Living in our home sometimes feels like being on an extended stay at a spiritual retreat house. It’s a little bit ridiculous, and wonderful, all at the same time.
There are always candles burning, acoustic instrumental guitars playing softly in the background (often times it’s Jonah playing his own guitar for us, which is my most favorite thing to listen to), people sipping tea and reading peacefully while sitting in front of the sun that pours in our back windows, and…maybe the most wonderful thing about being under our roof and surrounded by these people…endless, ongoing conversations about everything: religion vs. spirituality, who your “true self” is, whether luck is a thing, how you should never answer with the phrase “sure” when someone offers to you something, turning “have to’s” into “get to’s”, the circle of control, loneliness and human connection, detachment and it’s relationship with desire, Wim Hof breathing and how our bodies individually react to it, our ego and what it’s rooted in, etc.

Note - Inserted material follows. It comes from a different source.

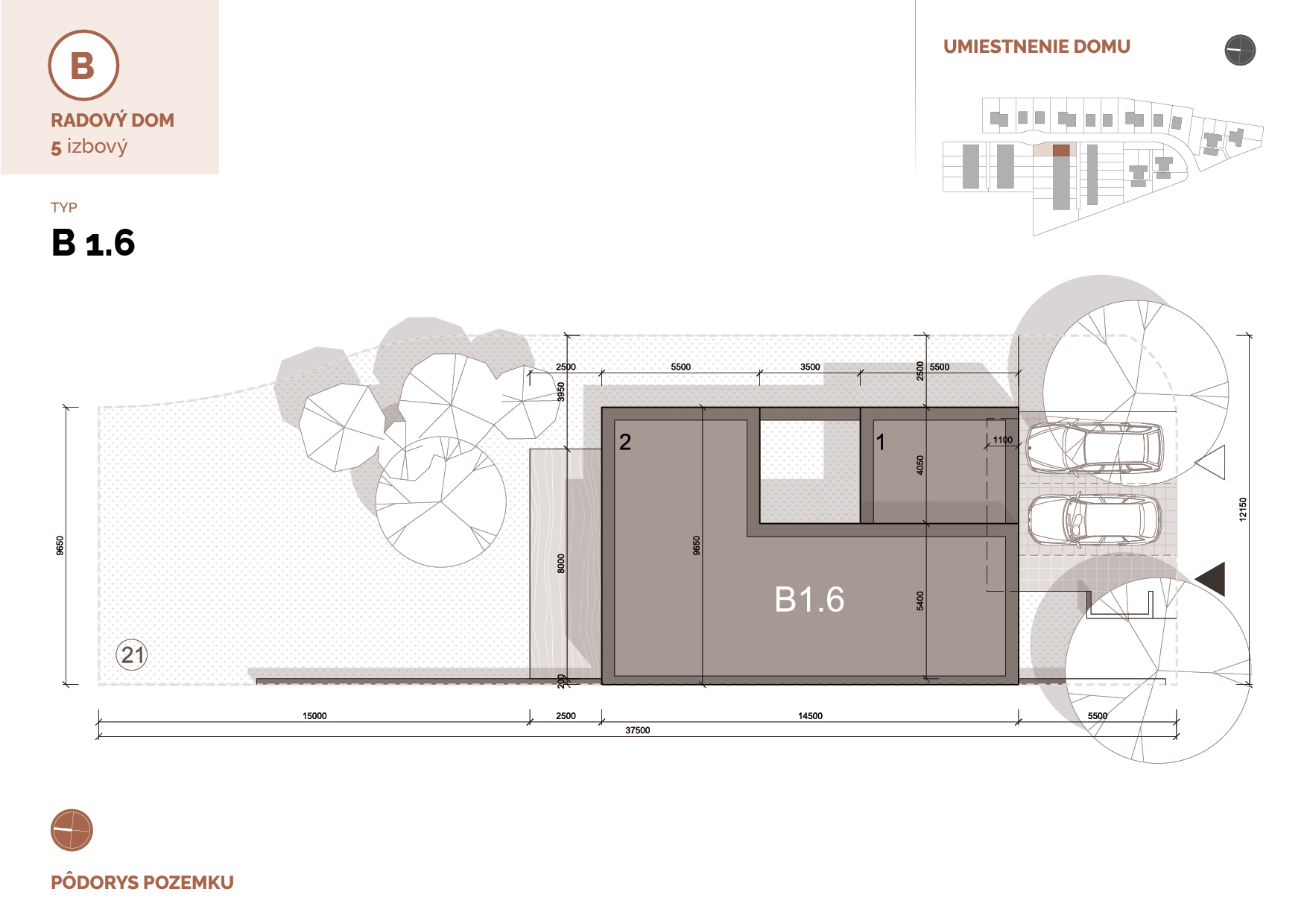 Dvojpodlažný 5-izbový rodinný dom typu B s veľkorysou dispozíciou a vnútorným átriom, situovaný v hniezdovej zástavbe v pokojnej slepej ulici, ktorá prináša vyššiu mieru súkromia. Atraktívnym benefitom tohto domu je flexibilné riešenie prízemia, ktoré umožňuje namiesto hosťovskej miestnosti vytvoriť samostatnú kanceláriu so vstupom priamo z ulice, ideálnu na podnikanie aj moderný home office. Denná časť prepája kuchyňu s obývačkou a cez veľkoformátové okná aj interiér s exteriérom, takže aj pri pobyte vnútri máte pocit blízkosti prírody. RD je navrhnutý s dôrazom na kvalitné materiály a precízne spracovanie.

Now, we have chaos and kids fighting and dinner time Festivus and ridiculous conversations about teenage “boy things” and female period accidents and sex and pooping your pants and gross things growing on our private parts, as well. I am fully aware of how far away we are from a picture perfect family that has it all together. Rather, we are about as dysfunctional and imperfect a family as I can imagine…but, most of the time it works for our family dynamic.
I think the thing that I’m loving the most right now is how “safe” we all feel with one another. If you asked the people who live here if they feel comfortable being their own true self, feel like they can have tough conversations with each other without feelings getting hurt or people holding grudges, or if this is the group of people they yearn to be around when the rest of the world feels like it’s falling apart…I think every one of these people would agree that we are all each other’s safe place. We form our own little comfort zone that, in turn, allows us the freedom and courage to explore the corners of our experiences that we would otherwise be too nervous to even contemplate.
Please don’t think I’m trying to wave some big Bergeron flag. I am just having this string of days when I’m feeling an overwhelming sense of joy, and love, and peace. I don’t think I have ever been more grateful to be able to share this life with these people who make me so excited to see and hear what the next year, or month, or day, or HOUR will bring.
This is just a declaration of a mother’s heart overflowing with love.